Pobierzcie krew od zdrowego dorosłego kota szczepionego przynajmniej dwukrotnie [ostatnie szczepienie nie wcześniej niż dwa miesiące temu, nie później niż rok] - skuteczność taka sama, jak po przechorowaniu [należy pamiętać, że u ozdrowieńca poziom przeciwciał też spada im więcej czasu upłynęło od przechorowania].
Caniserin jest niedostępny.
Surowicę podałabym każdemu nieszczepionemu kociakowi.
Szczepienie odradzam, gdyż zdarzały się zachorowania poszczepiennym w okienku serologicznym.
Testy z kału. Jeśli wirus jest obecny w kale - wg mnie jest już dużo za późno, zwłaszcza dla malutkich kociąt.

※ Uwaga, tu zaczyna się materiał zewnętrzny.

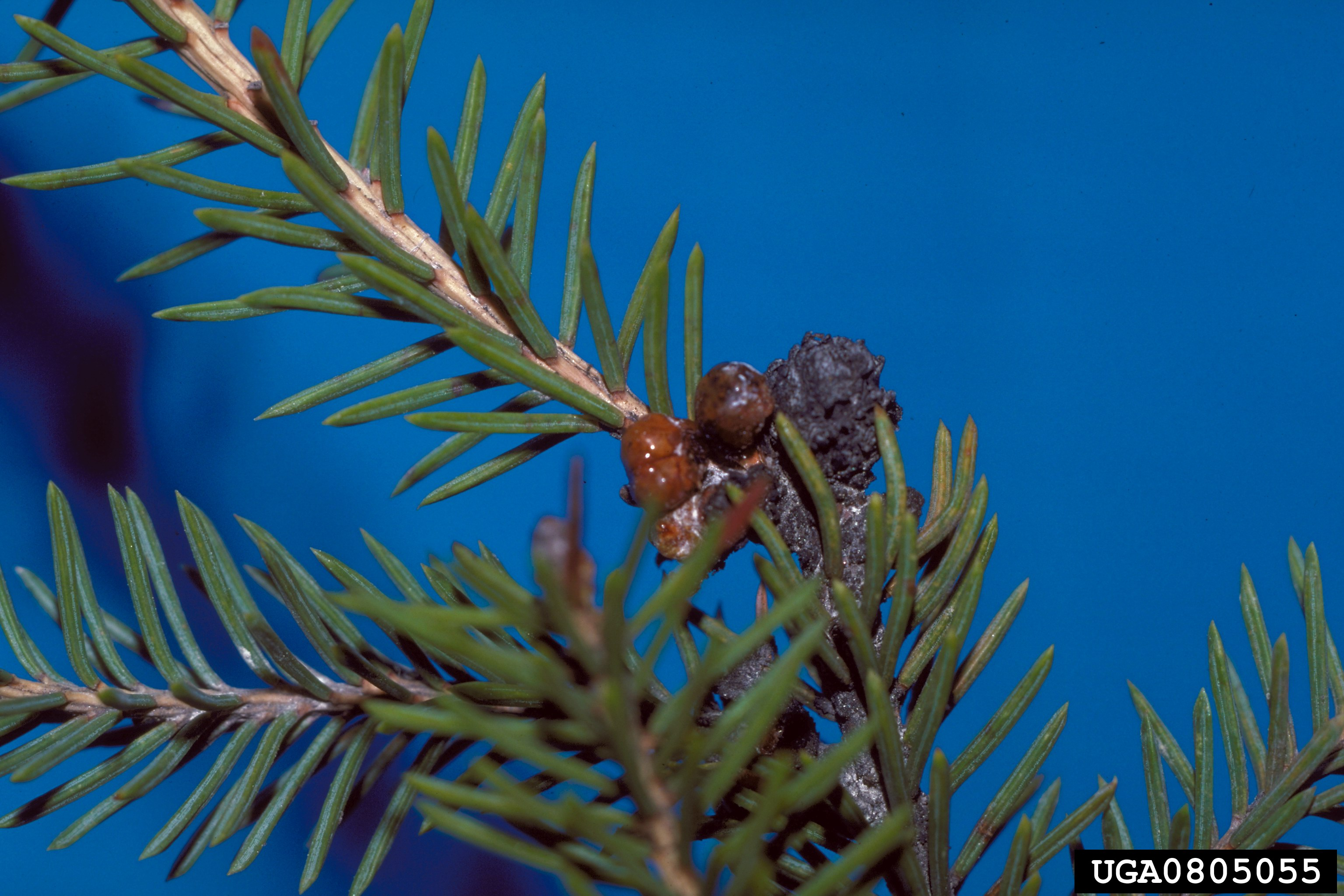 Physokermes piceae on white spruce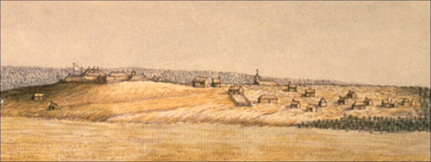 Fort Beausejour 1755 by Capt Hamilton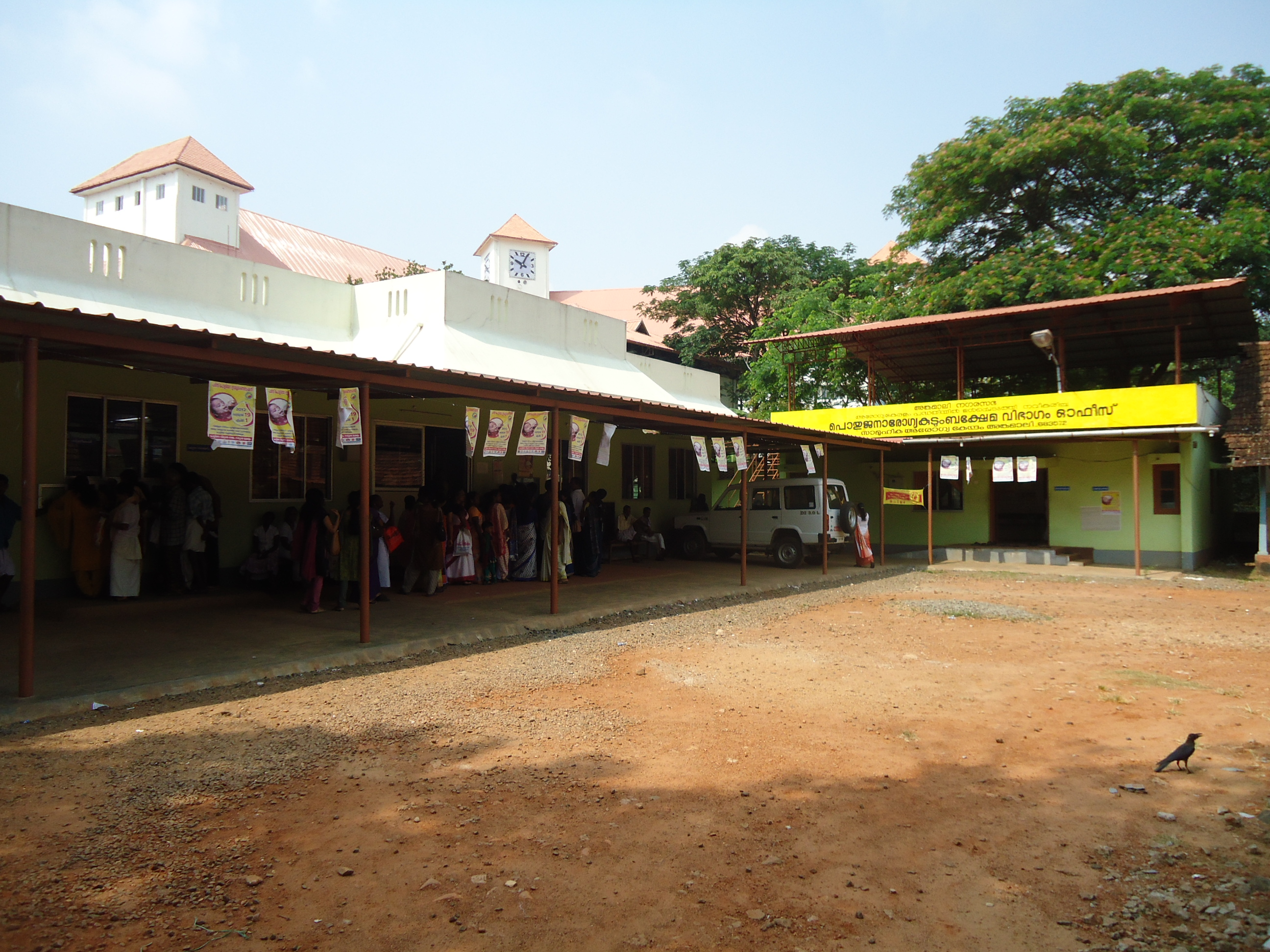 Community Health Center in Angamaly, Kerala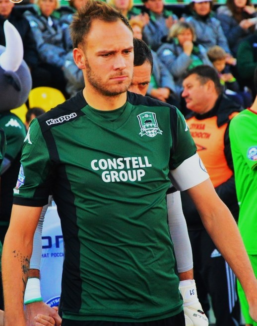 Andreas Granqvist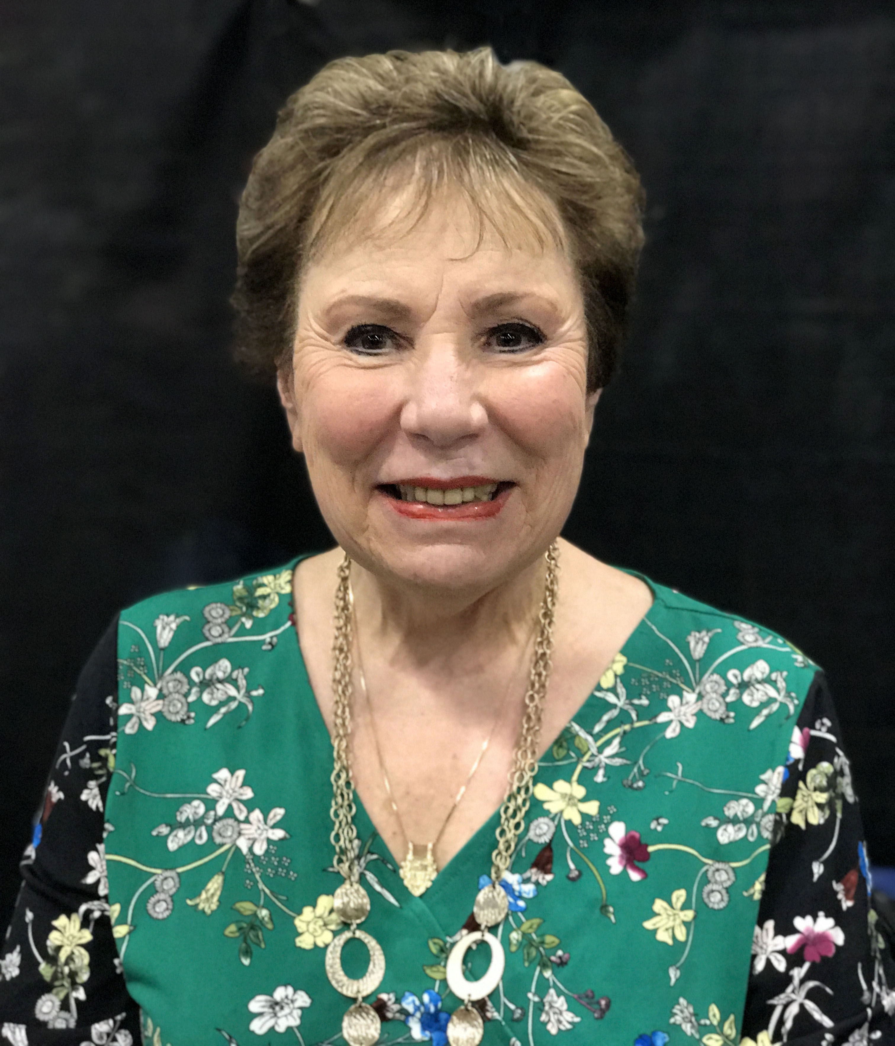 Voice actress/singer/writer Diane Pershing at the Meadowlands Exposition Center in Secaucus, New Jersey on Sunday, May 19, 2019, Day 3 of the East Coast Comicon. This photo was created by Luigi Novi. It is not in the public domain, and use of this file outside of the licensing terms is a copyright violation.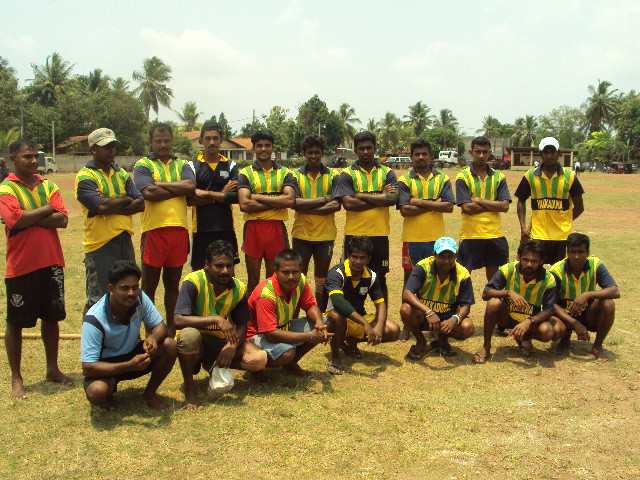 යක්කඩුව විර ගාමිණි එල්ලේ කණ්ඩායම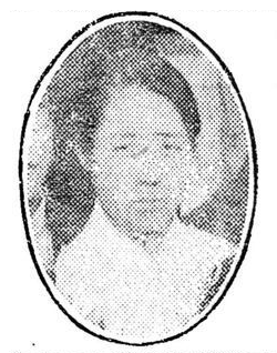 Heo Jong-suk, Korean independence movement and feminists

Czasami wirus w ogóle nie zdąży ujawnić się w kale.
Można zrobić PCR z krwi na obecność wirusa i poziom przeciwciał [to drugie miarodajne tylko u nieszczepionych kociąt].
I tak, jak pisałam na PW.
Domy, które są regularnymi DT dla kociąt powinny wg mnie mieć stały, natychmiastowy dostęp do surowicy. Kwestia zetknięcia się z parwowirusem to statystyka - a ta jest nieubłagana - prędzej, czy później każdemu się trafi [niekoniecznie z kotem, ale np. `na butach`]. U mnie wszystkie kociaki dostają surowicę na wejściu.